There are so many disadvantages to having a disabled parent. One of the few advantages is that I’m always available to them. I’m fortunate to be able to provide guidance and support for decision-making when they ask for help or advice, and to volunteer it sometimes even when they don’t ask. No matter how busy I ever am with other things, I’m never too busy to listen and talk about whatever is on their minds.

 Rehearsing

Helping kids of any age think ahead about potentially difficult situations is a logical way to help prepare them for those situations.  Stress, high pressure, peer pressure, even financial pressure can impact a huge variety of decisions your kids may have to make. If you can help them anticipate those situations, they can have potential plans already in place so they don’t act without thinking about it enough.

I’ve even made sure to teach my kids about the wisdom of having ‘talking points’ literally written down and committed to memory when anticipating potentially stressful discussions. If they know key things they want to mention, they’re more likely to be able to work those things into the conversation. Just a few keywords jotted down in the notes section on a mobile phone can prevent regrets about forgetting to bring up things they wanted to talk about in an important conversation.

Life has few guarantees

In my little family we have a lot of experience with things not going as planned. The two biggest are that we never expected my husband to be killed by a drunk driver, and I never planned to get stricken with an uncurable, debilitating disease. There was not much that could have been done to prepare for those things ahead of time.

But even the most carefully pondered decisions can ultimately lead to consequences and results totally different from what was hoped for or expected. The result can even be some kind of complete failure.

Whether you’re 5, 15, 25, 50 or any other number on the calendar of your life, things are not always going to go your way. What we perceive as failure can actually lead to change and triumph. When we stumble, we can either accept defeat or aspire to meet another challenge. We can be ashamed, or we can be brave and bold. It’s a difficult lesson to learn and I think some people go a lifetime without really coming to that realization.  That’s why I think it’s so important we try to make our kids understand and internalize that truth.

They have to understand that there are very few life and death decisions or choices to be made in life. The short list includes:

  • Always be aware of your surroundings.
  • Don’t drink or do drugs and drive.
  • Don’t play with matches
  • Be aware of reasonable safety precautions if you’re bungee jumping or parasailing or anything along those lines.

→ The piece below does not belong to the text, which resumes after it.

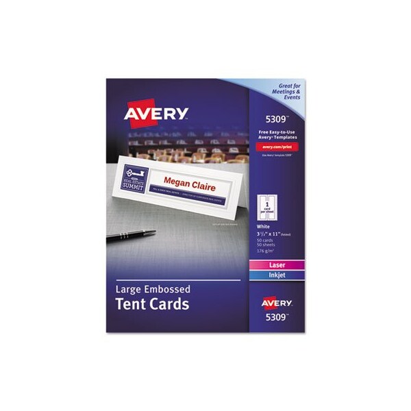 Add a personal touch to parties, events, meetings and celebrations with custom-printed place cards you can print at home. These tent cards feature premium, heavyweight cardstock that stands up to frequent folding, making them perfect for use as place cards, on buffets or as product description cards at boutiques, trade shows or farmers markets. Ultra-fine perforations let you separate cards cleanly and easily and are pre-scored. Personalize and print with our free designs and templates at Avery Design & Print. Bright vibrant colors and sharp clear text can be printed on both sides for a polished, professional look that will add a special feel to any event. 8.5in x 11in sheets for laser and inkjet printers. Embossed DesignFor a professional appearance. Paper Colors: White; Finished Card Size: 3.5 x 11; Card Quantity: 50; Sheet Quantity: 50.

Aside from that, most mistakes you can make in life are things from which you can recover.

When my daughter told me her decision to leave her safe job and test the waters in a completely different field, I’ll admit I was kind of surprised. But then I thought about it and I wasn’t so surprised after all because the new job is in a field of work she’s had an interest in since she was a child. She figured out that she’ll still be able to meet her monthly expenses, which will never be as low again in her adult life as they are now. She’s going to still be going to college and pursuing the educational path she’s on.

If she doesn’t take this opportunity to explore a different career, she’ll always wonder if she made a mistake by not giving it a try, and that’s something she’d regret later on in life. And so, she’s decided for herself that she’s going to take the jump into the new field, and give it her all. I’m proud and excited for what her future will hold, and no matter the outcome, I’ll be here for her.

There are no scorecards in life but if there were, I’d be marking this down as a win for my daughter and a big parenting win for me.